1. General EM for GMM

Previous we have introduce the EM algorithm intuitively for GMM algorithm. As we have now the general form of the EM algorithm, how do they coincide? For revisiting the GMM see slide 1, and otherwise lets examine the slide 2. Clearly the procedures are exactly the same! (One can derive analytically that M-step is the same as updating Gaussian parameters to fit points assign to them).



Follow these links to see more in detail about how these general form of the EM algorithm is applied to GMM.
Link 1: https://www.youtube.com/watch?v=Rkl30Fr2S38&list=PLD0F06AA0D2E8FFBA&index=119
Link 2: https://www.youtube.com/watch?v=WaKNSBeDLTw&index=120&list=PLD0F06AA0D2E8FFBA
Link 3: https://www.youtube.com/watch?v=pOBXsUec0JA&index=121&list=PLD0F06AA0D2E8FFBA
Link 4: https://www.youtube.com/watch?v=jv2tfR7tyi0&index=122&list=PLD0F06AA0D2E8FFBA 
Link 5: https://www.youtube.com/watch?v=xEShcq1qE7Y&list=PLD0F06AA0D2E8FFBA&index=123

2. K-means from probabilistic perspective.

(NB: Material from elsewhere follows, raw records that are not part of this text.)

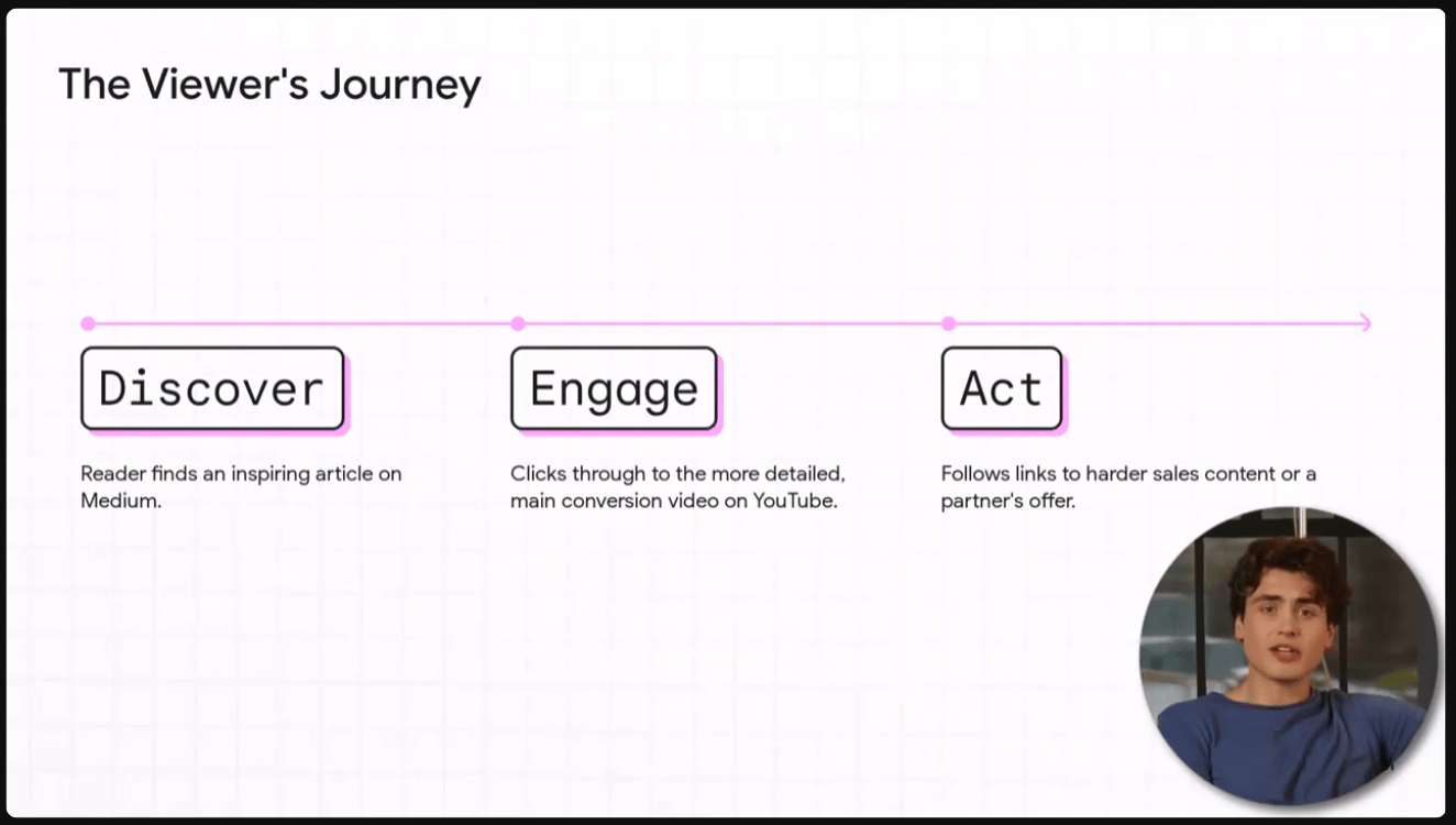 ➝ They're intrigued, so they move to engage by clicking a link to your more in-depth YouTube video.
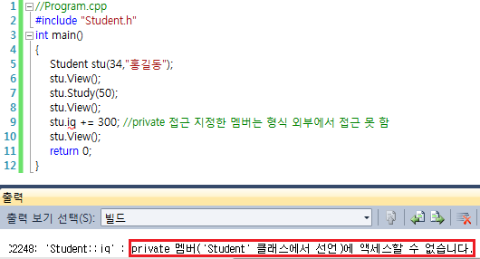 //stu.iq += 300; //private 접근 지정한 멤버는 형식 외부에서 접근 못 함
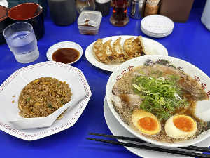 他店に比べて背脂やや少な目。スープ濃いめ。
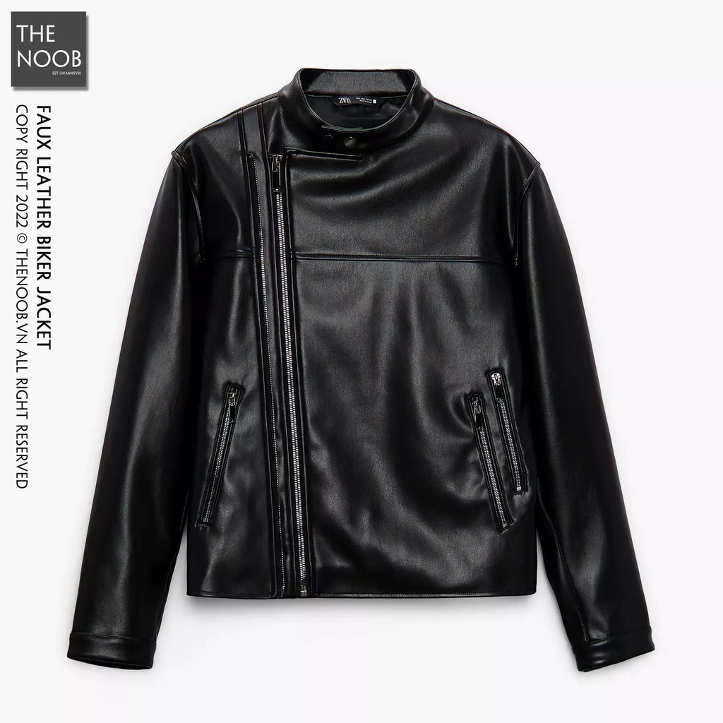 Áo chất liệu da tổng hợp, mặt trong lót dù, thiết kê dạng khóa chéo bất đối xứng lạ mắt
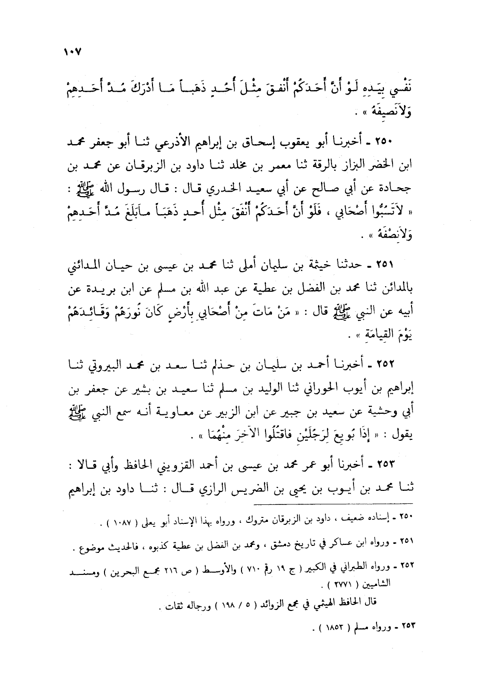 250 - أَخْبَرَنَا أَبُو يَعْقُوبَ إِسْحَاقُ بْنُ إِبْرَاهِيمَ الْأَذْرَعِيُّ، ثنا أَبُو جَعْفَرٍ مُحَمَّدُ بْنُ الْخَضِرِ الْبَزَّازُ، بِالرَّقَّةِ، ثنا مَعْمَرُ بْنُ مَخْلَدٍ، ثنا دَاوُدُ بْنُ الزِّبْرِقَانِ، عَنْ مُحَمَّدِ بْنِ جُحَادَةَ، عَنْ أَبِي صَالِحٍ، عَنْ أَبِي سَعِيدٍ الْخُدْرِيِّ، قَالَ: قَالَ رَسُولُ اللَّهِ صَلَّى اللهُ عَلَيْهِ وَسَلَّمَ: «§لَا تَسُبُّوا أَصْحَابِي، فَلَوْ أَنَّ أَحَدَكُمْ أَنْفَقَ مِثْلَ أُحُدٍ ذَهَبًا، مَا بَلَغَ مُدَّ أَحَدِهِمْ وَلَا نِصْفَهُ»
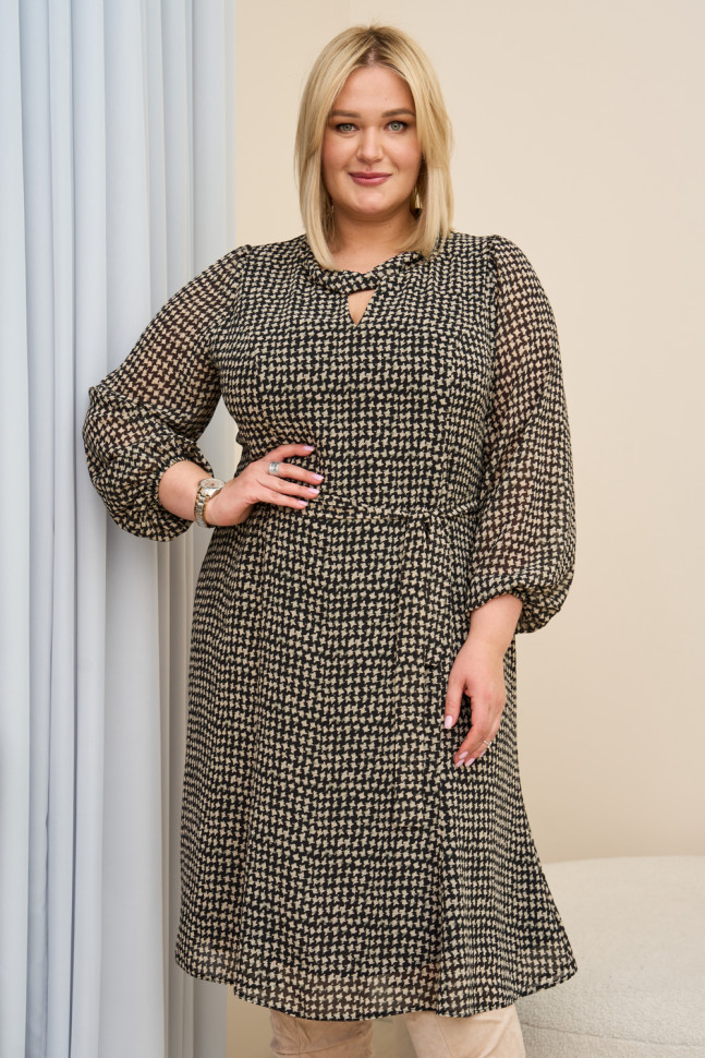 Элегантное, женственное платье выполнено из легкого струящегося шифона на дышащей подкладке из шифона. Модель платья дарит комфорт и удобство на протяжении всего дня. Платье дополнено длинным поясом из основной ткани. Утонченный и изящный силуэт, красиво подчеркивает достоинства. Длинный свободный рукав придает движениям воздушности.
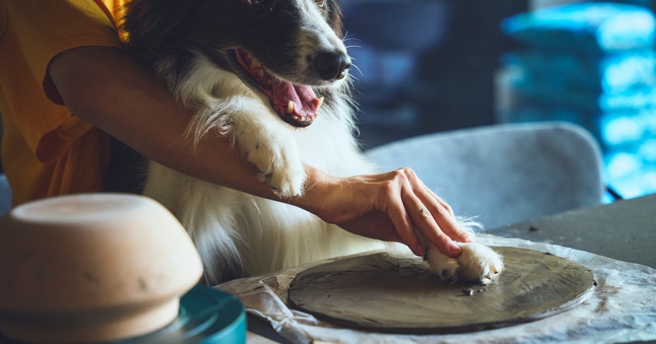 陶芸体験で作る皿は、近隣にある工房「匠宿(たくみしゅく)」に集まる伝統工芸の職人たちとともに考案されたもの。愛犬の足型(肉球)を押して完成するご飯皿は、愛犬との共同作業で生まれるかけがえのない作品です。
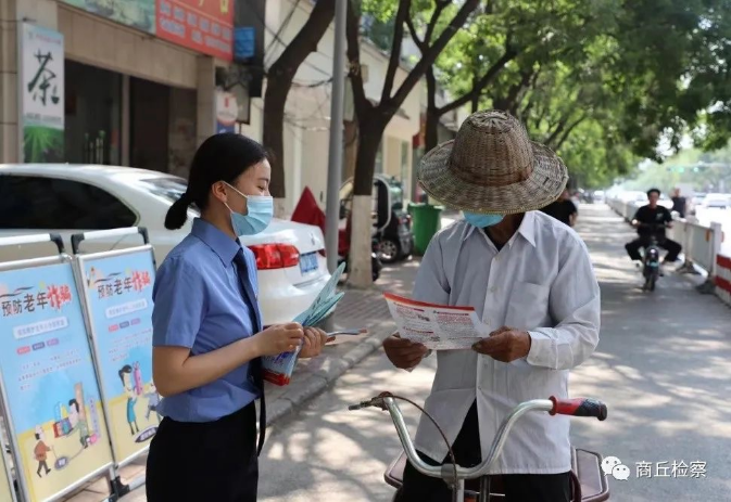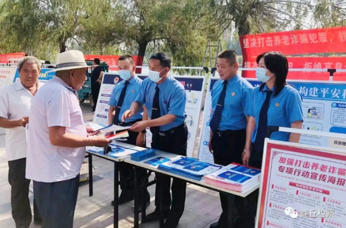 民权县检察院干警在街头向群众普及防范非法集资相关知识。
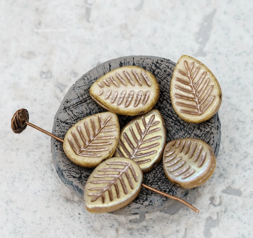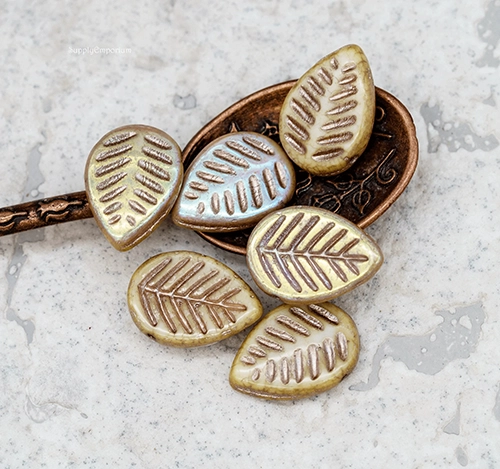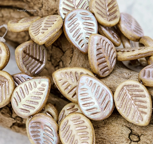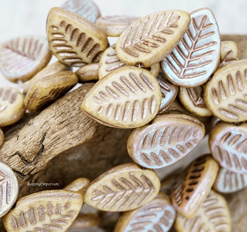 12x16mm Metallic Champagne Pink AB Czech Dogwood Leaf – 15 Pieces – 7441W
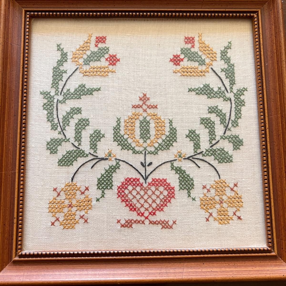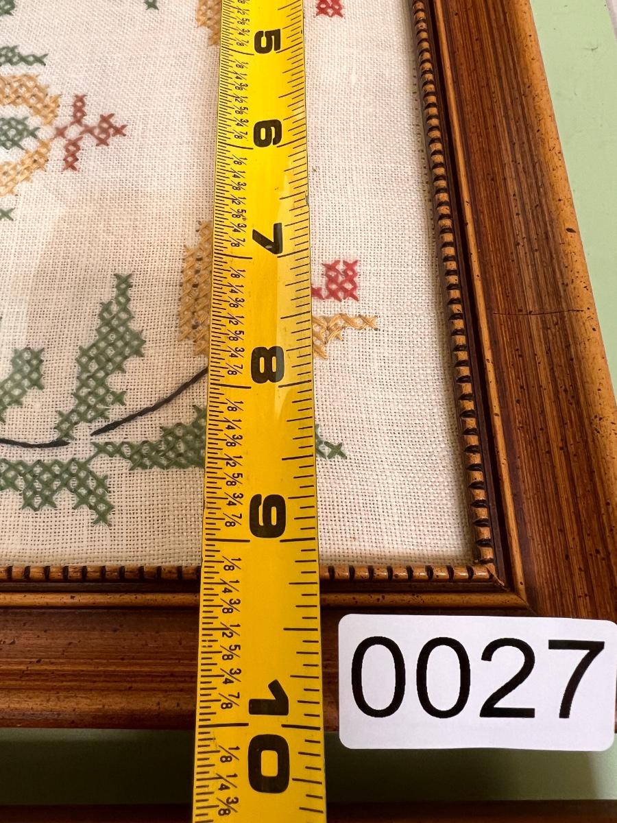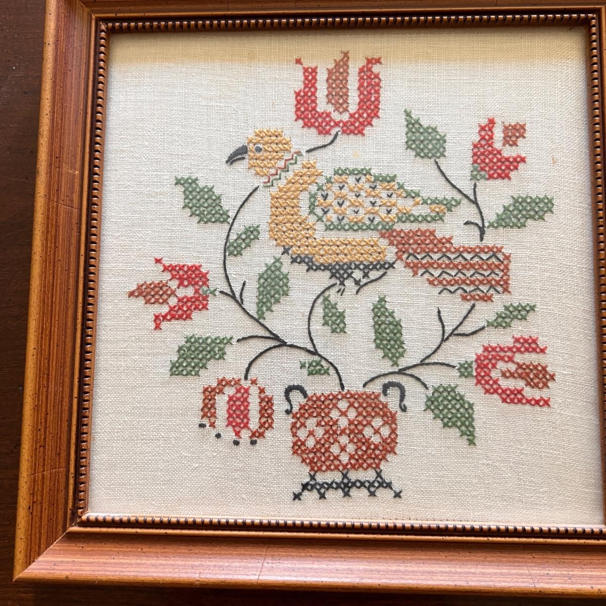 Lot of 2 professionally wooden framed embroidered hand stitched folk art pieces.
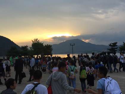 予定通り、無事に宮島へ到着しました。夕日がとても綺麗だったようです。
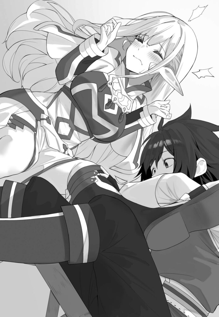 Alors que Marie avait toujours été un peu vantarde, Eve avait tendance à dire ce qu’elle pensait et à convoiter rapidement ce que les autres possédaient. Sa réaction ne fit qu’alimenter le sourire satisfait de l’elfe dont les joues rougissaient de plus en plus. Le problème, c’est que je ne pouvais m’empêcher de la trouver adorable quand elle se comportait ainsi. Elle était mignonne d’habitude, mais cette expression avide sur son visage me faisait ressentir quelque chose de différent. C’était peut-être juste moi, mais il y avait quelque chose de très humain dans son attitude, même si c’était une elfe. En voyant cette expression, j’avais l’impression d’avoir remporté une victoire. Je ne savais pas pourquoi.
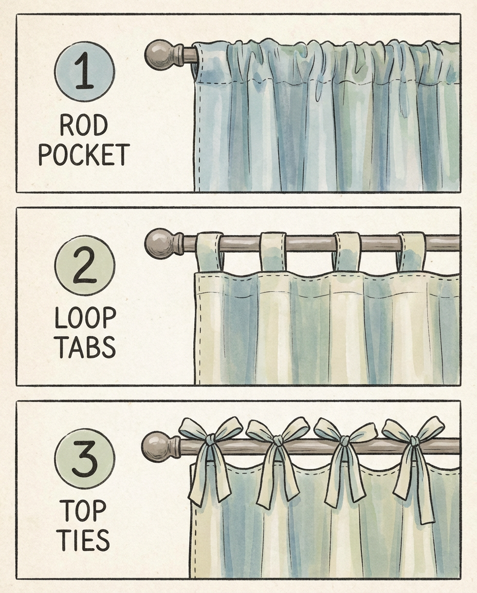 Hanging Style: Loop tabs, Top ties, Rod pocket
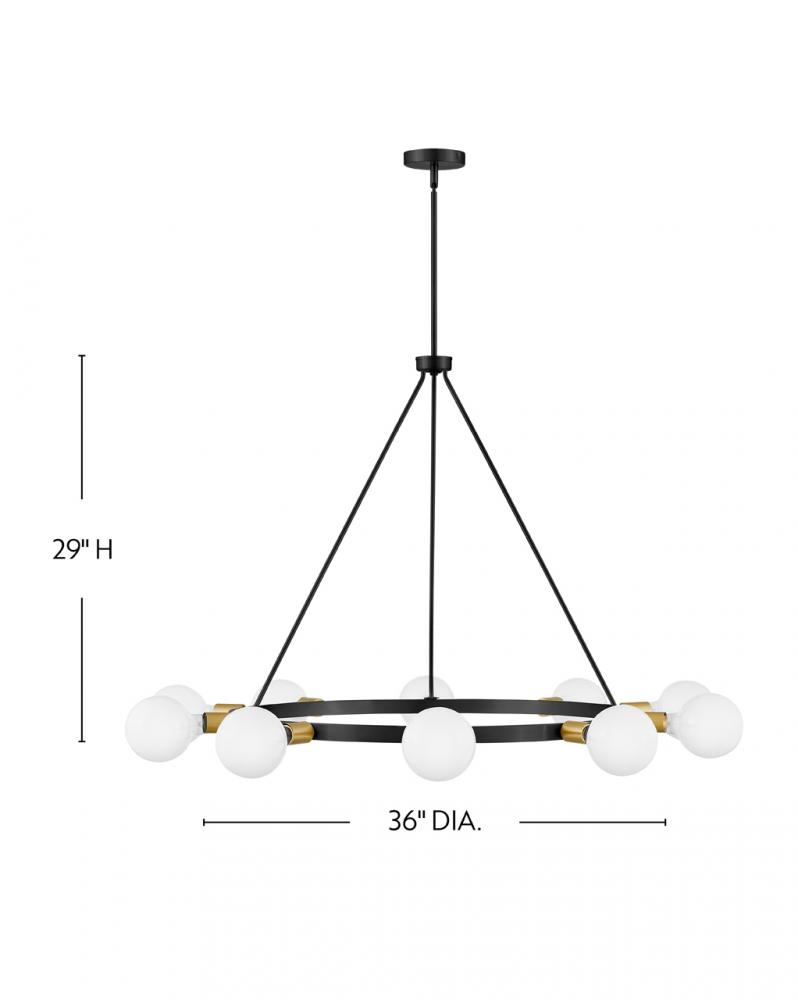 A mid-century modern vibe with a glimpse of Hollywood glam? Yes, please. Orla brings the dimensional interest with multiple plays on circles and globes. The streamlined profile is simple, with each individual element contributing to the overall silhouette in a big way. Available in Lacquered Brass or Black with Lacquered Brass accents, Orla makes a prominent style statement. G-style bulbs recommended.
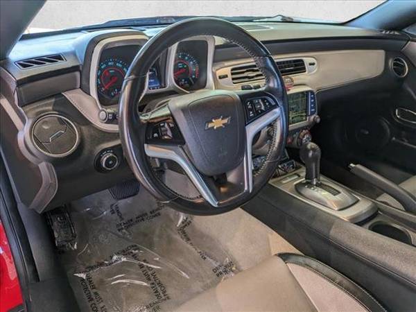 * Rs Package * Transmission; 6-Speed Automatic * Wheels; 20" X 8" (50.8 Cm X 20.3 Cm) Front And 20" X 9" (50.8 Cm X 22.9 Cm) Rear Polished Aluminum * Leather Seats * Audio System With Navigation; 7" Diagonal Color Touch Screen Display AM/FM Stereo With Navigation Display * Navigation System * Wheel And Tire; Spare; Compact * Rear Spoiler * Heads-Up Display * License Plate Bracket; Front * Convertible Soft Top * 2Lt Preferred Equipment Group * Axle; 3.27 Ratio * Black Top * Daytime Running Lamps; Separate * Emissions; California State Requirements; 50-State Certified * Engine; 3.6L Sidi Dohc V6 Vvt * Gray; Front Leather Seating Surfaces * Headlamps; High Intensity Discharge * Red Hot * Remote Vehicle Starter System * Seats; Front Sport Bucket * Tires; P245/45R20 Front And P275/40R20 Rear; Blackwall; SummerAutoNation USA Centennial has a wide selection of exceptional pre-owned vehicles to choose from, including this 2015 Chevrolet Camaro. This Chevrolet includes: DAYTIME RUNNING LAMPS, SEPARATE Daytime Running Lights 2LT PREFERRED EQUIPMENT GROUP ENGINE, 3.6L SIDI DOHC V6 VVT V6 Cylinder Engine Gasoline Fuel TRANSMISSION, 6-SPEED AUTOMATIC Transmission w/Dual Shift Mode A/T 6-Speed A/T GRAY, FRONT LEATHER SEATING SURFACES Leather Seats BLACK TOP AUDIO SYSTEM WITH NAVIGATION, 7 DIAGONAL COLOR TOUCH SCREEN DISPLAY AM/FM STEREO WITH NAVIGATION DISPLAY Navigation System AM/FM Stereo LICENSE PLATE BRACKET, FRONT TIRES, P245/45R20 FRONT AND P275/40R20 REAR, BLACKWALL, SUMMER Tires - Front Performance Tires - Rear Performance RED HOT HEADLAMPS, HIGH INTENSITY DISCHARGE Automatic Headlights HID headlights RS PACKAGE Aluminum Wheels Daytime Running Lights HID headlights SEATS, FRONT SPORT BUCKET Rear Bench Seat Bucket Seats WHEELS, 20 Aluminum Wheels EMISSIONS, CALIFORNIA STATE REQUIREMENTS, 50-STATE CERTIFIED WHEEL AND TIRE, SPARE, COMPACT Temporary Spare Tire REMOTE VEHICLE STARTER SYSTEM Remote Engine Start Power Door Locks Keyless Entry AXLE, 3.27 RATIO *Note - For third party subscriptions or services, please contact the dealer for more information.* Let a little sunshine in. Just drop the top of this Chevrolet Camaro convertible and go. You can tell this 2015 Chevrolet Camaro has been pampered by the fact that it has less than 57,570mi and appears with a showroom shine. Let's be honest, not everyone wants to set a course blindly into the dark. For those of us that don't, there are vehicles like this with stellar navigation systems. Intricately stitched leather and ergonomic design seats are among the details in which test drivers say that Chevrolet Camaro LT is in a league of its own More information about the 2015 Chevrolet Camaro: The Chevrolet Camaro is a modern take on GM's legendary muscle-car, offering strong rear-wheel-drive performance in a low coupe or convertible body style. Relative to the other pony cars like the Ford Mustang or Dodge Challenger, the Camaro performs athletically, although it gives up some outward visibility for the chunky, bold design. The performance standout of the model line remains the Camaro SS Coupe. Camaro Convertibles are a strong value as well and provide a different sort of fun. Some drivers wanting performance approaching that of high-end exotics, will be tempted by the ZL1 which provides outrageous horsepower numbers. While pricy among Camaros, it's faster than cars costing two or three times as much. Interesting features of this model are muscle-car look and feel, Strong acceleration, good highway efficiency, great handling, and daring design inside and out This vehicle includes a Money-Back Guarantee* and has passed our precise inspection process. What does that inspection include? Our Worry Free Folder is in each vehicle and includes the complete inspection, along with the work that was completed to bring the vehicle up to AutoNation standards. A copy of the CarFax has also been included for you. Best of all the price you see is the price you pay. No haggling. No back and forth. No pressure. *Money-Back Guarantee is valid for 5 days or 250 miles, whichever comes first. Subject to certain terms and conditions. See store for details. Some restrictions apply.
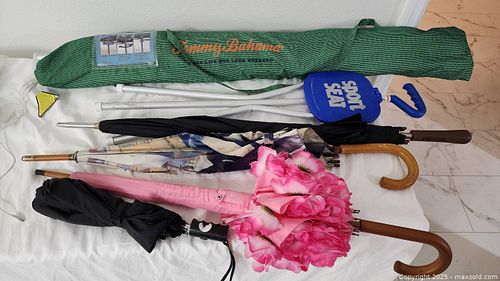 Lot of 4 Umbrellas, 1 beach umbrella and 1 Folding Sport Seat
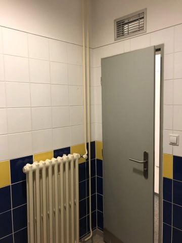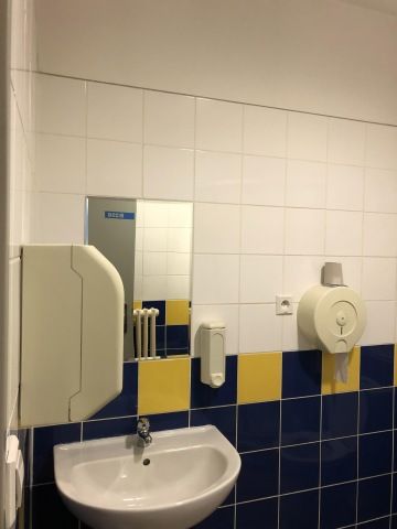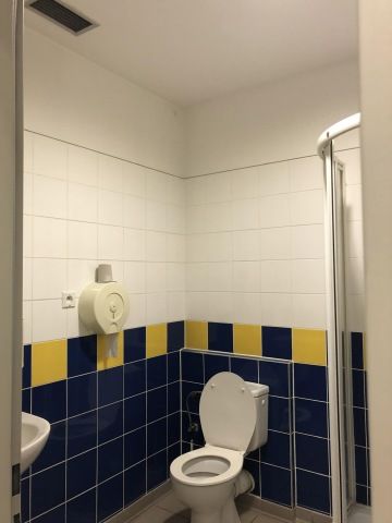 V původní koupelně jsme kvůli rozvodům vody zachovaly stejnou dispozici tj. umyvadlo i WC na stejném místě. Ze sprchového koutu jsme vytvořily pisoár. Společné WC v šedých barvách, kde je krásným dekorem použití 3D dlažby na některých stěnách toalety. Jelikož je při akcích ve skyboxu celkem velká fluktuace lidí, při vstupu na WC není třeba nikde hledat vypínač, pohybovým čidlem se zapne bílý LED pásek za zrcadlem a zelené LED pásky na stropě.

See the K-means algorithm in slide 1 which we will connect to the general form of the EM algorithm. The K-means algorithm proposes to solve the hard clustering problem by (1) initializing the parameters randomly (just locations of the cluster) (2) repeating two steps until the convergence - first find for each data point the closest cluster (Euclidean distance) and second update the location of the cluster by finding the centroid of the data point that belongs to the same cluster.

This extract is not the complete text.